▸ **THE TASK**
In the data below, find the line containing "W zestawie, profil"; transcribe it and each line after it exactly, through the last, skipping pictures.

▸ **PROVIDED MATERIAL**
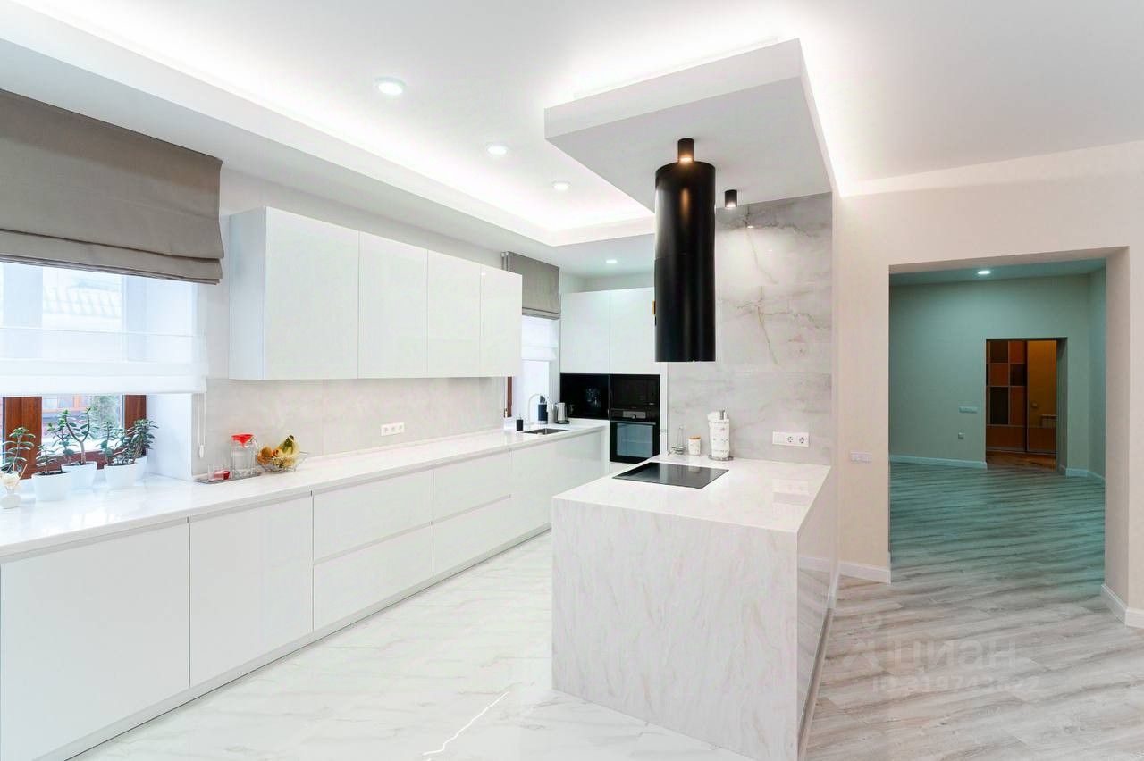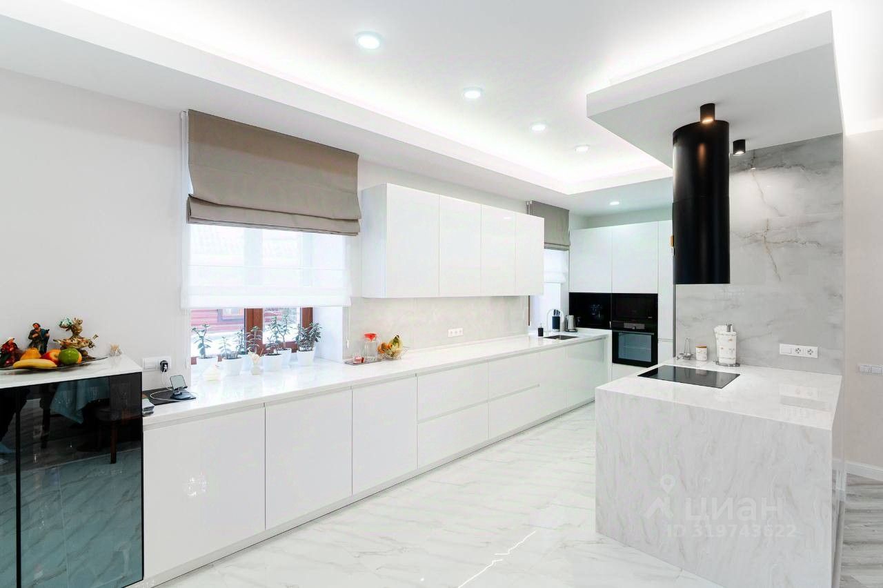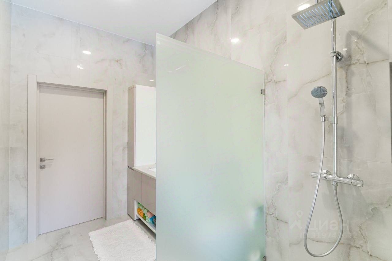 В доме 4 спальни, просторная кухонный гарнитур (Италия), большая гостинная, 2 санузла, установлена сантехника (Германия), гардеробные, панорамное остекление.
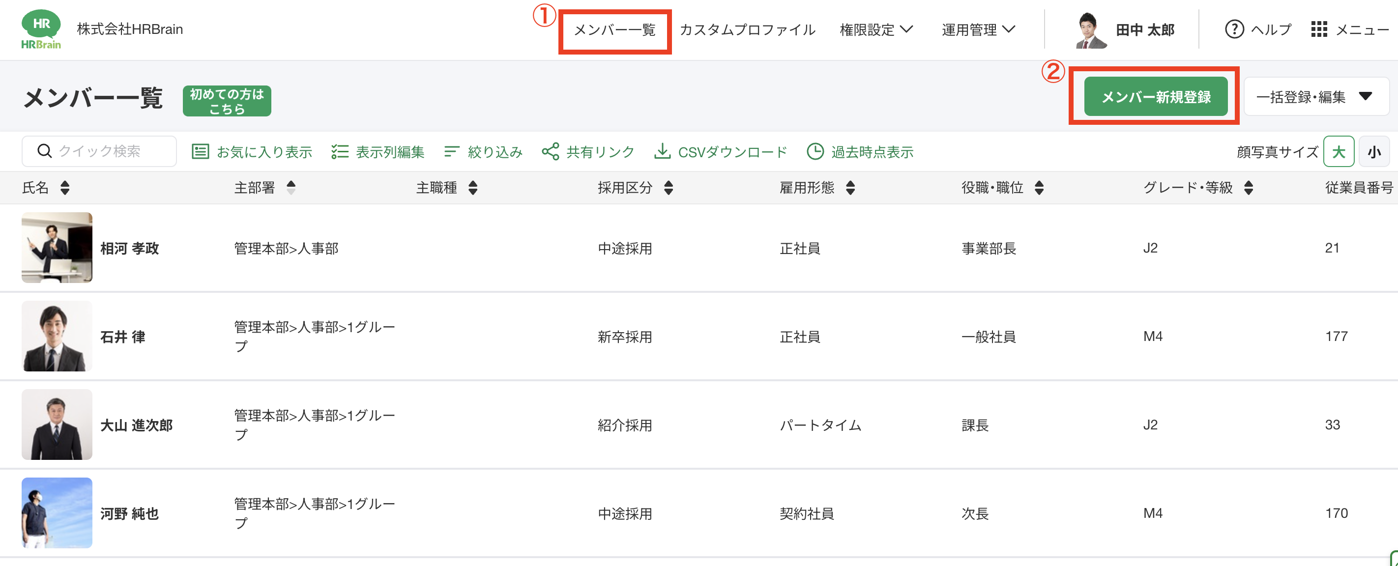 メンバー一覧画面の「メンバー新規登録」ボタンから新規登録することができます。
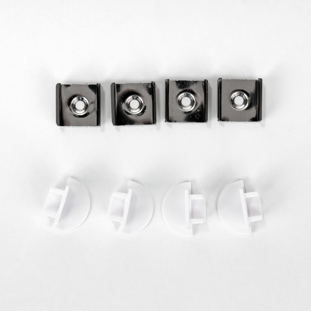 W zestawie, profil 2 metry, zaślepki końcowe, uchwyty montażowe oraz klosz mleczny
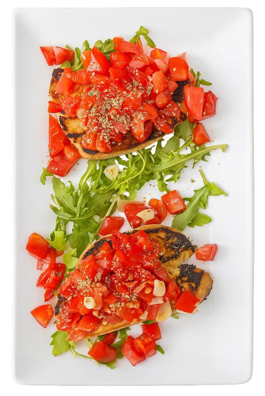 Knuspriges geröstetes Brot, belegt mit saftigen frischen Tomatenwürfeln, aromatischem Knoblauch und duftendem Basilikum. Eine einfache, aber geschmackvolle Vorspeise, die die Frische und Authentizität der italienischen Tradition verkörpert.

▸ **FINAL ANSWER**
 W zestawie, profil 2 metry, zaślepki końcowe, uchwyty montażowe oraz klosz mleczny
 Knuspriges geröstetes Brot, belegt mit saftigen frischen Tomatenwürfeln, aromatischem Knoblauch und duftendem Basilikum. Eine einfache, aber geschmackvolle Vorspeise, die die Frische und Authentizität der italienischen Tradition verkörpert.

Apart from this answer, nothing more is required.